Increased spontaneous immunoglobulin secretion associated with cyclophosphamide-induced immune suppression.

Spontaneous immunoglobulin (Ig) secretion by cells from multiple sclerosis (MS) patients (in the progressive phase) treated with monthly pulse doses of cyclophosphamide (CY) (1000-1600 mg/M2) was measured using the protein A plaque assay, to evaluate the effect of CY treatment on B-cell function. Surprisingly, an increase, rather than a decrease, in Ig-secreting cells was seen following CY treatment.

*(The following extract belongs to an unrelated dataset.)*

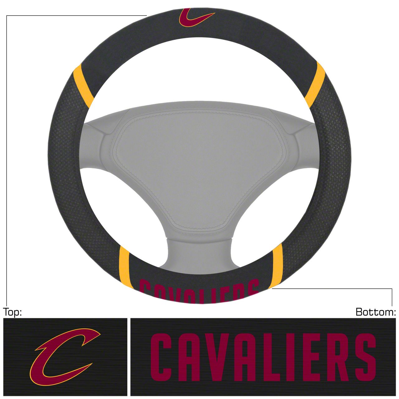 Steering Wheel Cover with Cleveland Cavaliers Logo; Black (Universal; Some Adaptation May Be Required)

CY-treated MS patients averaged 1380 +/- 535 spontaneous total (IgM + G + A) Ig plaque-forming cells (PFC) per 1 X 10(6) peripheral blood mononuclear cells (MNC), measured at 15-22 days after monthly CY administration, while healthy adults had 280 +/- 47 Ig PFC/10(6) MNC, and MS patients not treated with CY had 300 +/- 43 Ig PFC/10(6) MNC. The observed increase was due to an increase in IgG and IgA PFC. PFC levels remained elevated for 4 weeks following CY treatment, decreasing to control levels by 7-8 weeks post-CY. A small increase in serum IgG level was noted after greater than 12 months of pulse CY therapy; no increase was seen in CSF IgG levels. A preferential decrease in the number of CD4+ T cells was also seen in the CY-treated MS patients. We propose that the observed increase in the number of spontaneous Ig PFC was due to the CY-induced disruption of the CD4+ T cell-mediated control of in vivo activated B cells.